Source: Bloomberg, Emirates NBD Research
The Federal Reserve cut rates by 25 bps in line with expectations. However, the outlook for the rest of the year was more mixed. The Fed Chair Jerome Powell insisted that the Fed would remain data dependent and would not hesitate to ease monetary policy further should economic activity slow down. He reaffirmed that the US economy remains on solid footing and that most risks are external in nature.
Treasuries closed lower with yields on the 2y UST, 5y UST and 10y UST closing at 1.76% (+4 bps), 1.67% (+2 bps) and 1.80% (flat) respectively.
Following the Fed decision, central banks in the UAE and Saudi Arabia lowered key rates by 25 bps while Kuwait left it unchanged.

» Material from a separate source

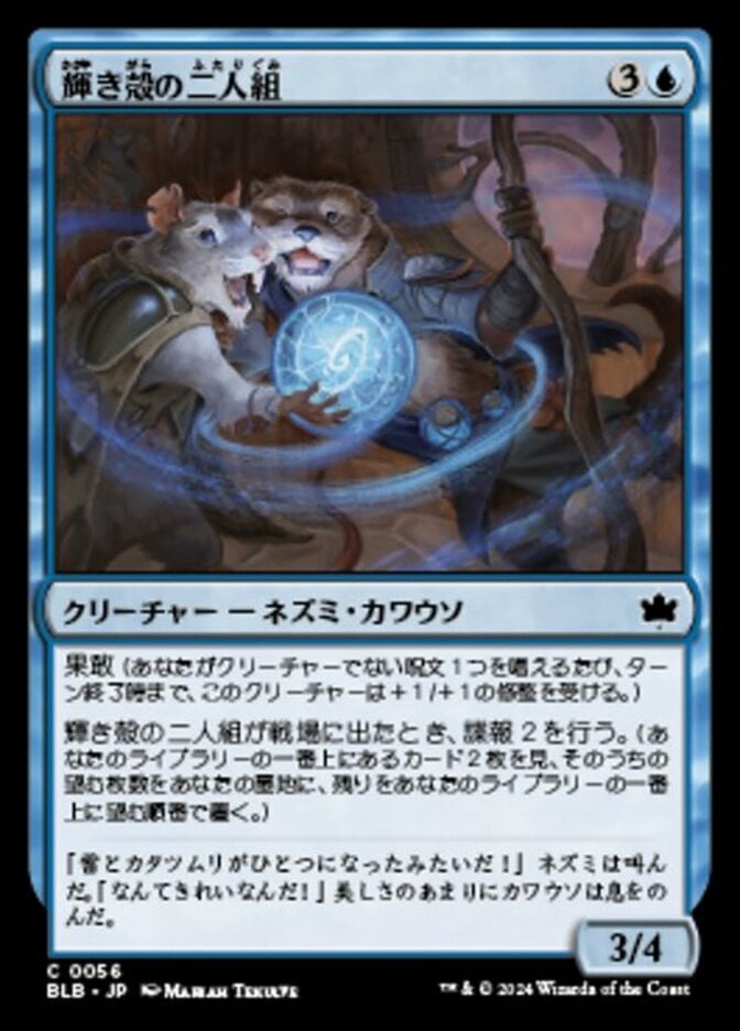 | Rules | Prowess (Whenever you cast a noncreature spell, this creature gets +1/+1 until end of turn.) When Lightshell Duo enters, surveil 2. (Look at the top two cards of your library, then put any number of them into your graveyard and the rest on top of your library in any order.) |

Regional bonds closed largely unchanged as investors awaited the Fed decision. The YTW on Bloomberg Barclays GCC Credit and High Yield index was flat at 3.24% and credit spreads hovered around 147 bps.

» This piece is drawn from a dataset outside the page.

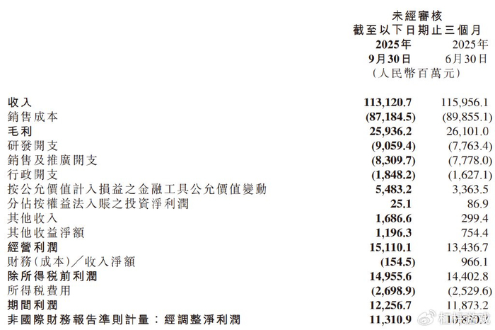 先看整體。2025年第三季度,小米集團總營收1131億元,同比增長22.3%;經調整凈利潤113億元,同比升80.9%,創下歷史新高。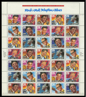 Rock and Roll Rhythm and Blues Sheet of Thirty Five 29 Cent Stamps Scott 2724-30

There was little reaction to the Fed’s rate decision with the USD rallying modestly, as the market questioned how many more rate cuts might happen in the coming year. With three dissenters from the decision, the absence of a firm consensus about when the Fed might cut again saw the USD gain ground against both major currencies and emerging market ones before stabilizing after Chairman Powell said the Fed could resume organic balance sheet growth earlier than expected.
Developed market equities closed flat as the Fed cut rates by 25 bps and reiterated views that it would remain proactive in easing should the economy slow down. The S&P 500 index and the Euro Stoxx 600 index closed flat.

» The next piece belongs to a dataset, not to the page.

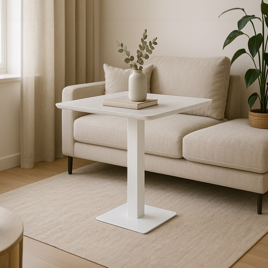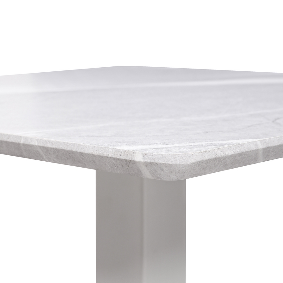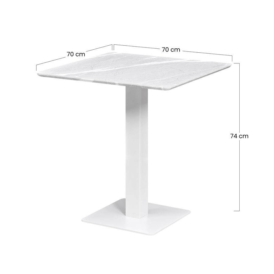 Questo tavolo quadrato offre un design moderno e raffinato grazie al top effetto marmo grigio chiaro, perfetto per aggiungere eleganza a cucine e spazi living. Il piano in MDF da 18 mm con bordo svasato unisce estetica e resistenza, mentre la colonna centrale bianca a sezione quadrata dona un look pulito e contemporaneo. La solida piastra in ferro assicura stabilità e lunga durata.

Regional equities closed mixed. The DFM index dropped -0.9% while the Tadawul added +0.7%. Market heavyweights led the gains on the Tadawul as tensions eased. Al Rajhi Bank and Sabic added +1.8% and +0.2% respectively.
Oil prices continued to edge lower overnight as the market grew less anxious over the scale of disruption to supplies from Saudi Arabia. Brent futures fell nearly 1.5% to settle at USD 63.66/b while WTI closed at USD 58.22/b, down 2.1%. The IEA released a statement saying that it saw no need for a release of emergency reserves in response to the attacks.
Markets will continue to closely watch how quickly Saudi Arabia is able to restore production with the pace of repair likely evident in distortions to physical crude prices. The premium for Russian crude headed to Asia soared to over USD 7/b in response to the attacks as importers reorient supply routes.
EIA data was mixed overnight with a limited build in total crude stocks (1m bbl), mixed performance across productions and a dip in exports to 3.17m b/d (down 120k b/d w/w). Total inventories edged up slightly last week.